No texto apresentado é fácil separar as colunas de perdas e ganhos. Perdem: os trabalhadores, os pobres, os empregados rurais, os que recebem Benefício de Prestação Continuada. Ganham: os militares, os servidores de determinadas castas do Judiciário e do Legislativo, os empregadores, os bancos e instituições financeiras. Cotas de sacrifícios?
Já em relação à segurança, sem falar no equívoco em combater violência com violência, o incentivo ao mercado de armas não é algo desprezível para a economia. Um dos ramos mais lucrativos do capitalismo industrial, o comércio de armas tem tudo para prosperar no Brasil. Não é demais lembrar que o setor armamentista é ponta na economia americana e tem ajudado outros setores da indústria em crise.
Para completar a mercantilização da segurança, inclua-se o mercado privado formal de empresas militarizadas. Sem falar na falange criminosa dos milicianos, tão próximos do poder, que diversificaram seus negócios e hoje fornecem produtos de consumo, transporte alternativo e até casas construídas à margem da lei e da habitabilidade.
A mais recente investida está se dando no terreno da educação. A redução dos recursos investidos no setor, que já chega a 56% em relação aos governos anteriores. Com o teto de gastos aprovados pelo governo Temer, a tendência é de redução ainda mais drástica nos próximos anos.
O discurso dos cortes na educação tem como justificativa o combate à doutrinação das esquerdas, que teriam se assenhorado do ambiente educacional, sobretudo nas universidades. Uma forma paradoxal de combater o que se julga resultado da ignorância com um incentivo determinado a promover a burrice.
Os dois maiores desafios da educação, no Brasil e no mundo, é aumentar a inclusão e aprimorar a qualidade. Com a transferência dos objetivos do MEC para a perseguição ideológica, a tendência é diminuir a oferta de vagas, sobretudo nos cursos com conteúdo crítico e reflexivo. Perde-se em abrangência e inteligência. Além disso, desestimula-se o ofício do professor, que passa a ser objeto de vigilância e denuncismo histérico, e a pluralidade, que fica refém de uma visão tecnicista, voltada apenas para os interesses do mercado de trabalho.
O que esse cenário evoca, além da inépcia, do atraso e da injustiça social, é exatamente o incentivo ao setor privado de ensino. Depois de atacar os cursos de ciências humanas e filosofia, inviabilizar a pesquisa básica e desestimular a carreira pedagógica, está aberta a estrada desimpedida para os empresários do setor.
Ensino, só de profissões pragmáticas; pesquisa apenas para áreas com retorno por parte da indústria, que passa a ser fiadora das universidades; professores unicamente os dispostos ao papel reprodutivo e alienador. A chamada meritocracia não será um resultado darwinista dos mais aptos, mas uma seleção nem um pouco natural dos mais ricos.

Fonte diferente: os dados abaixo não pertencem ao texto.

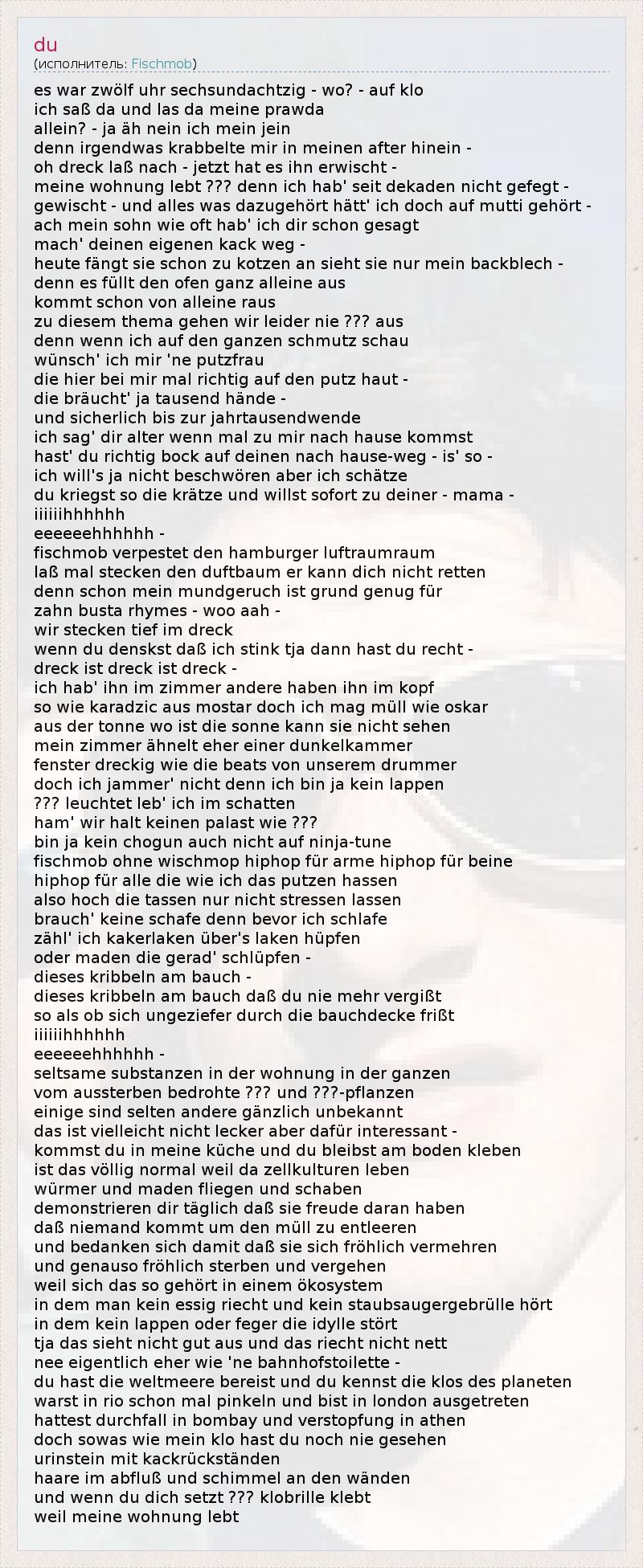 es war zwölf uhr sechsundachtzig - wo? - auf klo ich saß da und las da meine prawda allein? - ja äh nein ich mein jein denn irgendwas krabbelte mir in meinen after hinein - oh dreck laß nach - jetzt hat es ihn erwischt - meine wohnung lebt ??? denn ich hab' seit dekaden nicht gefegt - gewischt - und alles was dazugehört hätt' ich doch auf mutti gehört - ach mein sohn wie oft hab' ich dir schon gesagt mach' deinen eigenen kack weg - heute fängt sie schon zu kotzen an sieht sie nur mein backblech - denn es füllt den ofen ganz alleine aus kommt schon von alleine raus zu diesem thema gehen wir leider nie ??? aus denn wenn ich auf den ganzen schmutz schau wünsch' ich mir 'ne putzfrau die hier bei mir mal richtig auf den putz haut - die bräucht' ja tausend hände - und sicherlich bis zur jahrtausendwende ich sag' dir alter wenn mal zu mir nach hause kommst hast' du richtig bock auf deinen nach hause-weg - is' so - ich will's ja nicht beschwören aber ich schätze du kriegst so die krätze und willst sofort zu deiner - mama - iiiiiihhhhhh eeeeeehhhhhh - fischmob verpestet den hamburger luftraumraum laß mal stecken den duftbaum er kann dich nicht retten denn schon mein mundgeruch ist grund genug für zahn busta rhymes - woo aah - wir stecken tief im dreck wenn du denskst daß ich stink tja dann hast du recht - dreck ist dreck ist dreck - ich hab' ihn im zimmer andere haben ihn im kopf so wie karadzic aus mostar doch ich mag müll wie oskar aus der tonne wo ist die sonne kann sie nicht sehen mein zimmer ähnelt eher einer dunkelkammer fenster dreckig wie die beats von unserem drummer doch ich jammer' nicht denn ich bin ja kein lappen ??? leuchtet leb' ich im schatten ham' wir halt keinen palast wie ??? bin ja kein chogun auch nicht auf ninja-tune fischmob ohne wischmop hiphop für arme hiphop für beine hiphop für alle die wie ich das putzen hassen also hoch die tassen nur nicht stressen lassen brauch' keine schafe denn bevor ich schlafe zähl' ich kakerlaken über's laken hüpfen oder maden die gerad' schlüpfen - dieses kribbeln am bauch - dieses kribbeln am bauch daß du nie mehr vergißt so als ob sich ungeziefer durch die bauchdecke frißt iiiiiihhhhhh eeeeeehhhhhh - seltsame substanzen in der wohnung in der ganzen vom aussterben bedrohte ??? und ???-pflanzen einige sind selten andere gänzlich unbekannt das ist vielleicht nicht lecker aber dafür interessant - kommst du in meine küche und du bleibst am boden kleben ist das völlig normal weil da zellkulturen leben würmer und maden fliegen und schaben demonstrieren dir täglich daß sie freude daran haben daß niemand kommt um den müll zu entleeren und bedanken sich damit daß sie sich fröhlich vermehren und genauso fröhlich sterben und vergehen weil sich das so gehört in einem ökosystem in dem man kein essig riecht und kein staubsaugergebrülle hört in dem kein lappen oder feger die idylle stört tja das sieht nicht gut aus und das riecht nicht nett nee eigentlich eher wie 'ne bahnhofstoilette - du hast die weltmeere bereist und du kennst die klos des planeten warst in rio schon mal pinkeln und bist in london ausgetreten hattest durchfall in bombay und verstopfung in athen doch sowas wie mein klo hast du noch nie gesehen urinstein mit kackrückständen haare im abfluß und schimmel an den wänden und wenn du dich setzt ??? klobrille klebt weil meine wohnung lebt

Os reacionários de extrema direita têm o coração marcado pelo autoritarismo, pelo conservadorismo em matéria de costumes, pelo anti-intelectualismo, pelo individualismo e pela ausência quase patológica de sentido de fraternidade. Mas estão também muito próximos de uma vertente ultraliberal em economia, que desconfia de tudo que é público e vê no mercado uma instância quase religiosa e escatológica.
Eles amam a família, mas estão dispostos a vender tudo, até a mãe.